→ **GOAL OF THE EXERCISE**: Type out the lines below exactly, pictures excluded.
===== DATA BLOCK =====
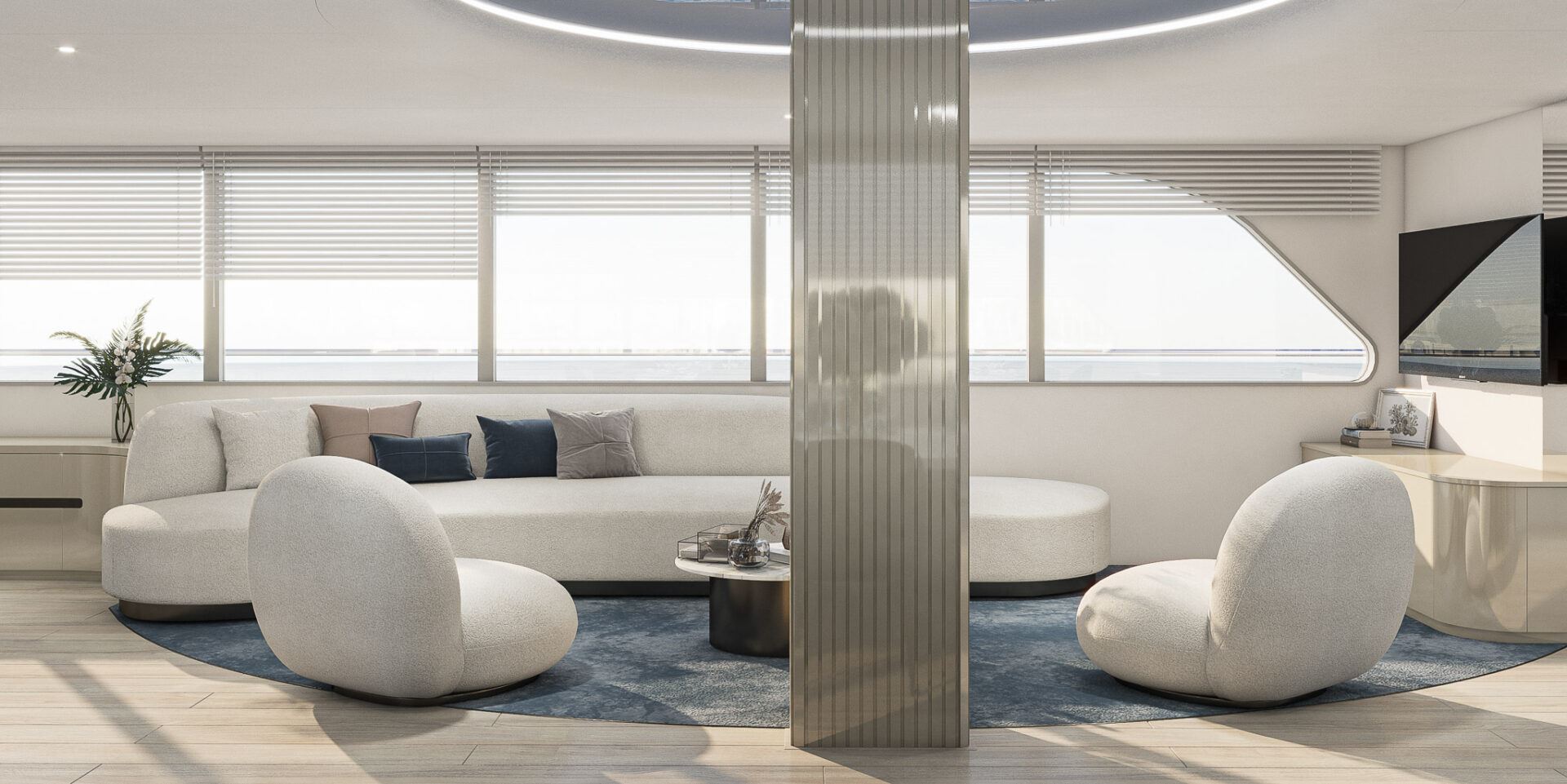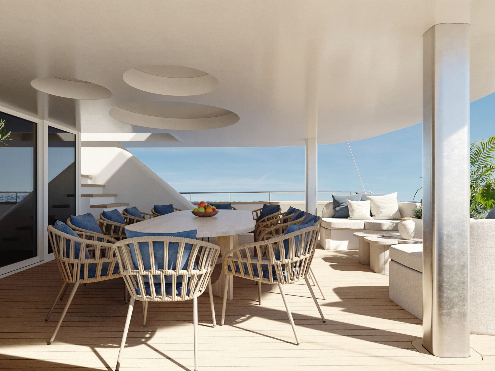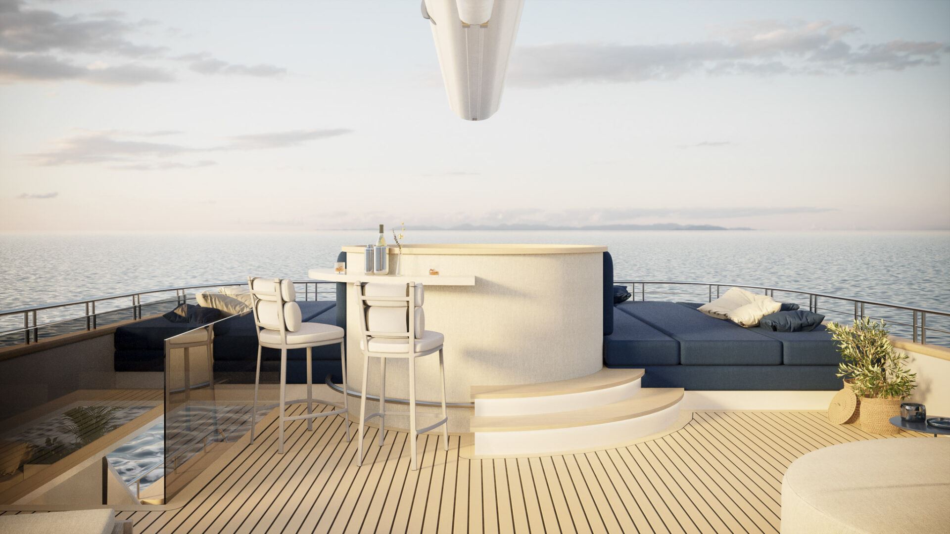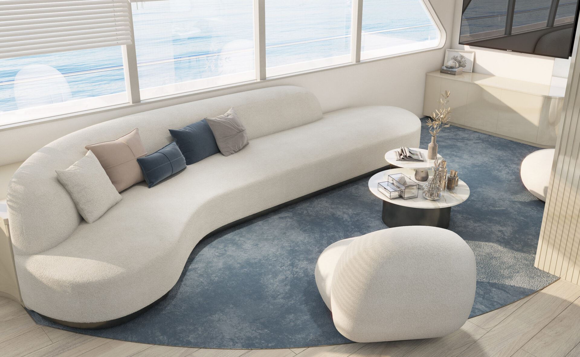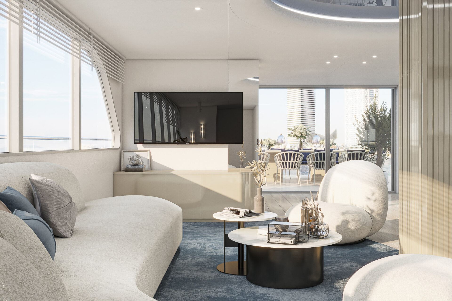 Inside, he elegant and modern salon of Yacht Maxita creates a relaxed environment perfect for recharging and socialising. Guests can dine at the large dining table, lounge on the white oval sofa, or enjoy a beverage at the fully stocked bar. The smartly designed spacious sundeck includes an open-air cinema, BBQ, another bar, jacuzzi, and several lounging areas. An additional dining table on the sundeck allows guests to savor delicious meals while enjoying breathtaking nearby scenery.
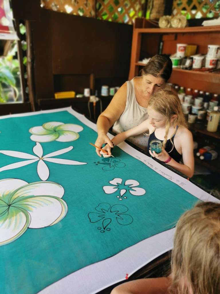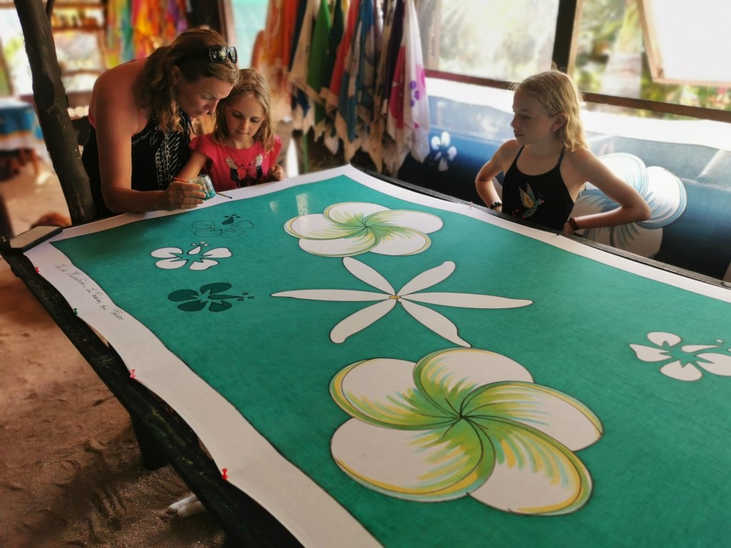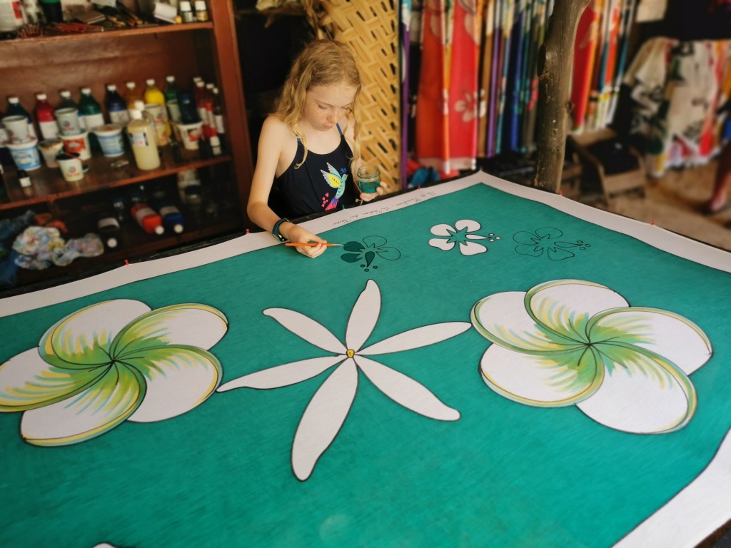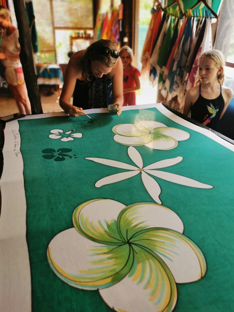 Les paréos de Polynésie sont réputés et nous ne manquons pas de nous arrêter chez une française de la métropole qui a appris cet art. Elle nous initie à la peinture sur paréo avec des couleurs qui plaisent énormément à Gabrielle 🤩.
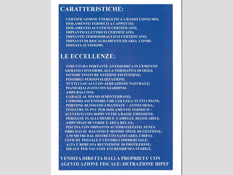 L'appartamento è in fase di realizzazione quindi c'è la possibilità di personalizzarselo, cappotto esterno, impianti certificati, portone blindato, predisposizione aria condizionata, finestre a ribalta in pvc doppio vetro termico e acustico, persiane in alluminio con lamelle orientabili. Costruzione antisismica alla normativa del 2018. Agevolazioni fiscali con detrazione IRPEF su tutto il costo di acquisto anche come seconda casa .
=====
→ **RESULT**:
 Inside, he elegant and modern salon of Yacht Maxita creates a relaxed environment perfect for recharging and socialising. Guests can dine at the large dining table, lounge on the white oval sofa, or enjoy a beverage at the fully stocked bar. The smartly designed spacious sundeck includes an open-air cinema, BBQ, another bar, jacuzzi, and several lounging areas. An additional dining table on the sundeck allows guests to savor delicious meals while enjoying breathtaking nearby scenery.
 Les paréos de Polynésie sont réputés et nous ne manquons pas de nous arrêter chez une française de la métropole qui a appris cet art. Elle nous initie à la peinture sur paréo avec des couleurs qui plaisent énormément à Gabrielle 🤩.
 L'appartamento è in fase di realizzazione quindi c'è la possibilità di personalizzarselo, cappotto esterno, impianti certificati, portone blindato, predisposizione aria condizionata, finestre a ribalta in pvc doppio vetro termico e acustico, persiane in alluminio con lamelle orientabili. Costruzione antisismica alla normativa del 2018. Agevolazioni fiscali con detrazione IRPEF su tutto il costo di acquisto anche come seconda casa .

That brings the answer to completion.